05 January 2012

Alex Rosenberg's "The Atheists Guide" reviewed

Richard Marshall reviews Alex Rosenberg's The Atheists Guide to Reality: Enjoying Life Without Illusions. A book worth contemplating; money passages:

Dan Dennett we might suppose is less sanguine than Critchley and his beard signals a different kind of hip from the Critchley angst. He’s a hard-nosed naturalist philosopher guy who loads up evolutionary theory to dispel the Cartesian idea of mind body dualism, sharing platforms with Richard Dawkins, Steven Pinker and the evangelical wing of the Darwinists. It’s the brain, stupid, is what his slogan could be. Consciousness is just what our brains produce and he explains the mechanism in terms of what he calls an intentional stance. But after making the case that the brain works in terms of matter and purely causal laws he makes a move not unlike Critchley’s and in the last three chapters of his masterpiece Darwin’s Dangerous Idea explains that we are not brains. Person talk, he says, isn’t affected by brain talk, and the evolutionary acid that erodes meaning at brain state level doesn’t go further into the ontological realm of persons. As with Critchley, if there’s a nihilism on offer, it’s a pretty comfortable one, a tame and domesticated dog that is trained to bark only at targets its master doesn’t like. It kind of leaves everything where the atheist hoped it would be: evolution underwrites the rationalism of being an atheist but doesn’t corrode our human image.
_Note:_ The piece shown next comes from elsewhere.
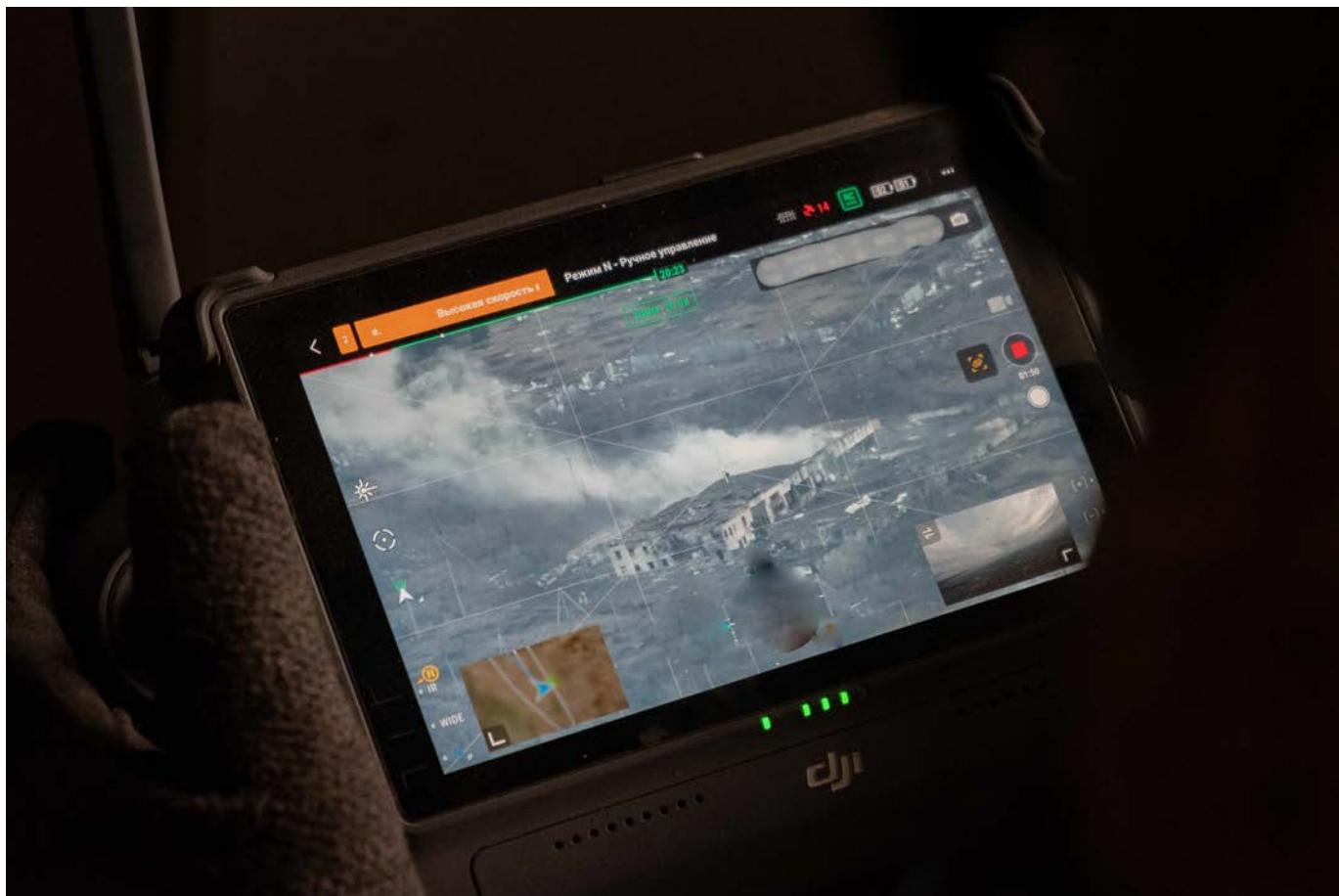
A cloud of smoke rises from a warehouse building after a strike by a Ukrainian 2S-7 Pion howitzer, as seen on the remote of a Skala Battalion drone in Bakhmut, Donetsk Oblast, on Dec. 29, 2022. Coordinates of the drone's position have been blurred out to protect the pilot's location.

In ideal conditions, with artillery at the ready, it can take as little as five minutes between the drone pilot spotting a target and Ukrainian artillery engaging it.

Rosenberg, as I said at the start, is having none of this. His position is a mad-dog scientism. ‘Scientism’, in the past used as a term of abuse, he reclaims as a term of honour. What he argues is for a naturalism of reductive physicalism. Reductive physicalism claims that everything is just bosons and fermions. Physics explains these. They are without purpose, without meaning, are blind, law governed entities that have no encoded propositional or intentional scripts. So the problem is how we can understand ourselves as having intentionality, free-will and purpose if this is the case.
And then this...
But then, if there are no categorical imperatives (except linguistically) don’t abhorrent values become equal with decent ones? If there’s nothing in the naturalistic worldview to underwrite goodness then Hitler is equal to Gandhi. Rosenberg accepts this but says we shouldn’t worry. Rosenberg says we are all just hard-wired to be nice. Morals are for him a type of norm expressivism. There are facts paired to norms that form a core system that’s universal, shared as a kind of species bedrock. As a species we’ve evolved the same values. There are other facts then that these pairings interact with, local ones including eco systems. So Rosenberg argues that as a species we share the same values and and that all moral disagreement is about factual matters if it persists beyond clearing up background cultural things.